Na comparação com os outros quatro indicados ao Oscar de melhor filme internacional, A Sala dos Professores (Das Lehrerzimmer, 2023) pode ficar escondido diante da proeminência de Zona de Interesse, concorrente em outras quatro categorias, incluindo a principal e a de direção; da urgência do tema de Eu, Capitão, retrato da odisseia dos imigrantes africanos que tentam atravessar o Mediterrâneo em busca de uma vida melhor na Europa; do sucesso de público alcançado por A Sociedade da Neve, que em poucos dias se tornou um dos 10 títulos em língua não inglesa mais vistos na história da Netflix; e da fama de Wim Wenders, cineasta alemão que assina o belíssimo representante do Japão, Dias Perfeitos.
Mas A Sala dos Professores merece tanto ou mais visibilidade.

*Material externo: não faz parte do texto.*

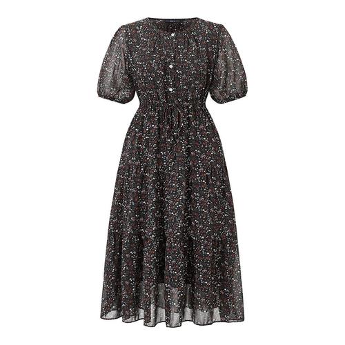 [GGPX]러블리 플라워 허리 스트링 반버튼 반팔 원피스 (GQBOW016D)

Em cartaz no Espaço Bourbon Country e no GNC Moinhos, é um filme que deveria ser tema de aula — e de casa também.
Trata-se do candidato da Alemanha, país que vem apresentando uma invejável frequência no Oscar internacional. Nas últimas 22 edições (contando 2024), competiu 10 vezes e teve três longas-metragens premiados: Lugar Nenhum na África, de Caroline Link, em 2003; A Vida dos Outros, de Florian Henckel von Donnersmarck, em 2007; e Nada de Novo no Front, de Edward Berger, no ano passado. Os alemães também ganharam em 1980, com O Tambor, de Volker Schlöndorff.
Quem dirige e coassina o roteiro de A Sala dos Professores é Ilker Çatak, 40 anos, de ascendência turca. A exemplo do que fez o cineasta francês Laurent Cantet em Entre os Muros da Escola (2008), vencedor da Palma de Ouro no Festival de Cannes, o diretor alemão transforma um colégio em microcosmo da sociedade contemporânea, com suas tensões e suas doenças.

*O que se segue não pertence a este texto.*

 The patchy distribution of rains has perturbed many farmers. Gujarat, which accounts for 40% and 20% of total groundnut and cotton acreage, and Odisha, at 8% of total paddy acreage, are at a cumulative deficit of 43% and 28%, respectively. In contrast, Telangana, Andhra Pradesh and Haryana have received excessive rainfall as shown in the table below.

A protagonista é interpretada por Leonie Benesch, 32, coadjuvante em outro filme alemão indicado ao Oscar, A Fita Branca (2009), e vista na pele de Greta Overbeck na série Babylon Berlin (2017-). Sua personagem, a idealista Carla Nowak, ensina matemática e educação física para alunos do sétimo ano. Recém-chegada à escola, a professora logo entrou em sintonia com a turma — vide a saudação que todos fazem no início de cada aula. Mal começa o filme e surge o conflito que provocará desarmonia: o colégio vem sendo cenário de uma série de furtos.

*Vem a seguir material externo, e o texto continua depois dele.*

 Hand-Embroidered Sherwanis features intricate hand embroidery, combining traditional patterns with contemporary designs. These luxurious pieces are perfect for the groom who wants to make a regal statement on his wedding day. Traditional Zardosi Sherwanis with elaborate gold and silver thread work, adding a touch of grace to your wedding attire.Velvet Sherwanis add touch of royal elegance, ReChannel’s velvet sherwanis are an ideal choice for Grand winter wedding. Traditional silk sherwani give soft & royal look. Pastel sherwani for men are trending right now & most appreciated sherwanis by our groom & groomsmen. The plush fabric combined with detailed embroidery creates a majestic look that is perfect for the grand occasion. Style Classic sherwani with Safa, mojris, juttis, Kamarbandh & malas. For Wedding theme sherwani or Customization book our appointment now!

O principal suspeito é um aluno de Carla, Ali, filho de imigrantes. Mas a professora sabe, por experiência própria, que pelo menos duas pessoas adultas estão surrupiando dinheiro de carteiras ou daqueles porquinhos em que depositamos moedas. A protagonista resolve investigar a situação. Suas intenções parecem certas, mas a cada passo afunda em uma espécie de areia movediça do campo da ética.
Por trafegar pelo gênero do mistério policial, A Sala dos Professores requer discrição quanto aos rumos tomados na trama. O que se pode dizer, sem medo de estragar surpresas e com o desejo de enaltecer qualidades, é que o filme consegue atiçar a curiosidade do espectador ao mesmo tempo em que o incita a refletir sobre questões variadas, algumas perenes e outras candentes: as dinâmicas de poder, as desconfianças mútuas, os direitos de privacidade, os limites tênues entre o certo e o errado, a política da desinformação e a fragilidade da verdade, a censura, a cultura do cancelamento, a xenofobia, o bullying, o corporativismo, a perda de autoridade da figura do professor e a intromissão dos pais na escola.